The PANX protein channel family represents a class of channels characterized by a large pore size, serving as crucial mediators of intercellular communication with fundamental implications for cell development and maintenance of cellular homeostasis. Among these, PANX1 has been extensively studied and participates in regulating the permeability of ATP and ions within and outside cells, playing a pivotal role in various physiological processes and pathological mechanisms. Mutations in the PANX1 gene can impact protein glycosylation and accelerate ATP release, leading to cell death.
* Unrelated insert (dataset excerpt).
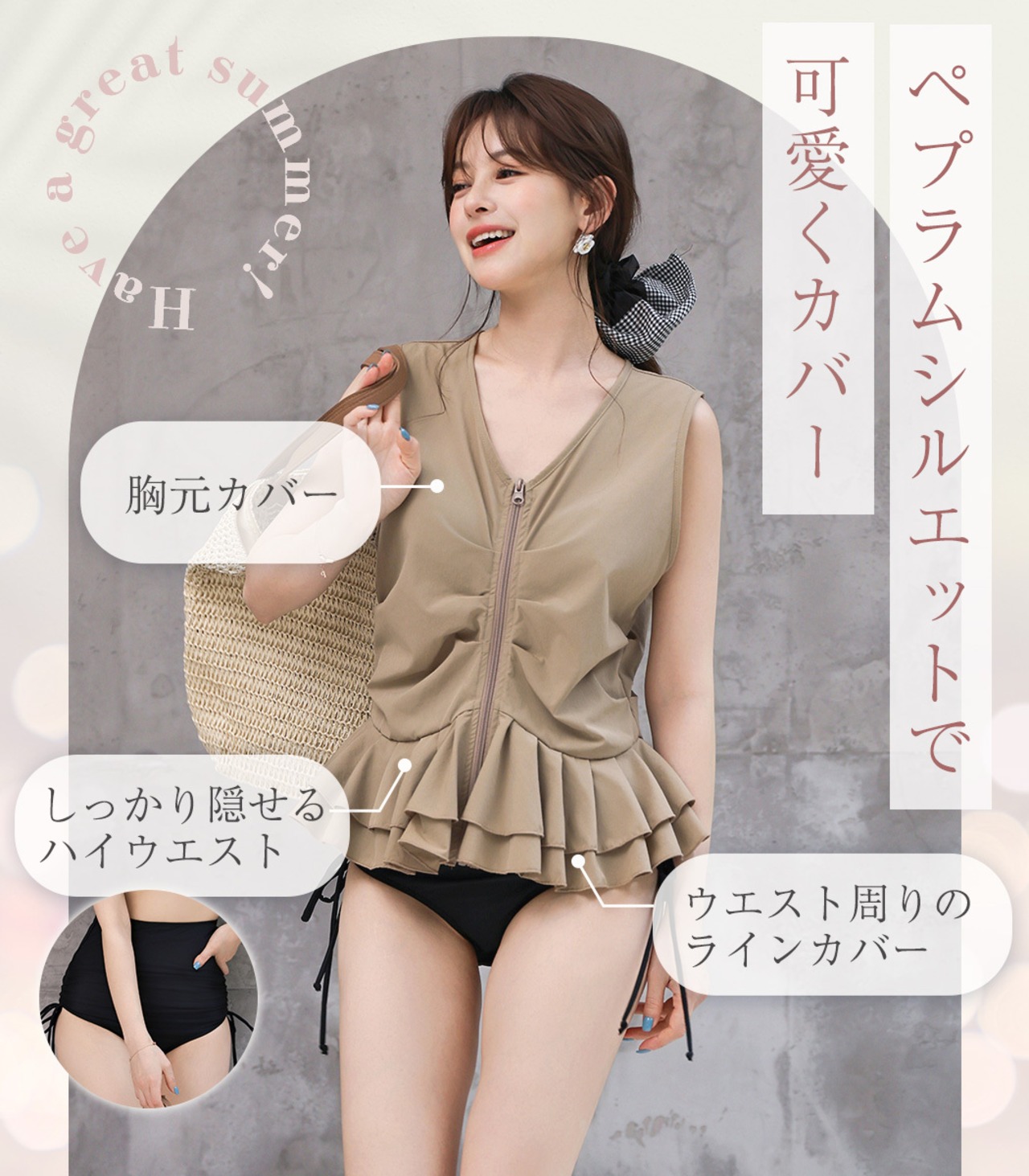 レディース 水着 ジッパーフレアベスト

In breast cancer cells, the PANX1 channel exhibits a dual role in purinergic signaling, contributing to both cell survival and the induction of cytotoxic effects. This function is mediated by the amplified opening of the P2X4/P2X7-gated PANX1 channel, triggering cell death characterized by CASP1 activation and exhibiting a mixed pattern of apoptosis and necrosis, consistent with pyroptosis. Studies have revealed that cancer cell death is reliant on ATP release and downstream death signaling mediated by the P2X7R, which can be reversed by inhibiting NADPH oxidase-produced reactive oxygen species, Ca2+/calmodulin-dependent protein kinase II, or the mitochondrial permeability transition pore. Enhanced P2X4/P2X7 signaling may also be related with the ATP-rich tumor microenvironment, providing a molecular basis for purinergic receptor-mediated selective control of breast cancer and serving as a possible platform for comprehensive breast cancer immunotherapy[7].
CASP7, a member of the CASP family, plays a crucial role in the execution stage of apoptosis, wherein sequential CASP activation is vital. CASP exists as an inactive proenzyme, and proteolytic cleavage of conserved aspartic acid residues generates two large and small subunits, which then dimerize to form active enzymes. The precursors encoding for CASP7 protein are cleaved by CASP3 and CASP10, and they become activated upon stimulation by cell death signals, subsequently inducing apoptosis.
Recent research has investigated the expression of CASP7 in breast cancer patients, confirming its involvement with regulating tumorigenicity in breast cancer cells. Moreover, CASP7 expression was discovered to be higher in breast cancer tissues than in normal tissues. Ectopic expression of CASP7 has a significant connection with estrogen receptor alpha expression and demonstrated a progressive rise across various stages of breast tumor grading. According to KM analysis, increased levels of CASP7 expression were related with a better outcome in breast cancer patients following systemic endocrine therapy[53]. Furthermore, according to the findings, both the precursor and active forms of CASP7 are mostly found outside of the cytoplasmic region of breast cancer cells, primarily within the nucleus.
Compared to comparable normal tissues and samples from healthy people, hypermethylation of the CCND2 promoter was seen in 40.9% of breast tumor patients and 44.4% of circulating cell-free DNA in plasma. Furthermore, the study showed that in female breast cancer patients, CCND2 promoter hypermethylation acts as a distinctly poor prognostic factor. Experiments using cell models clarified the functional involvement of CCND2 in breast cancer. Specifically, cancer cell proliferation and migration are reportedly inhibited by the expression of CCND2. Moreover, the demethylating drug antroquinonol D causes an increase in CCND2 expression, leading to cell cycle arrest and suppression of cancer cell growth and migration[54].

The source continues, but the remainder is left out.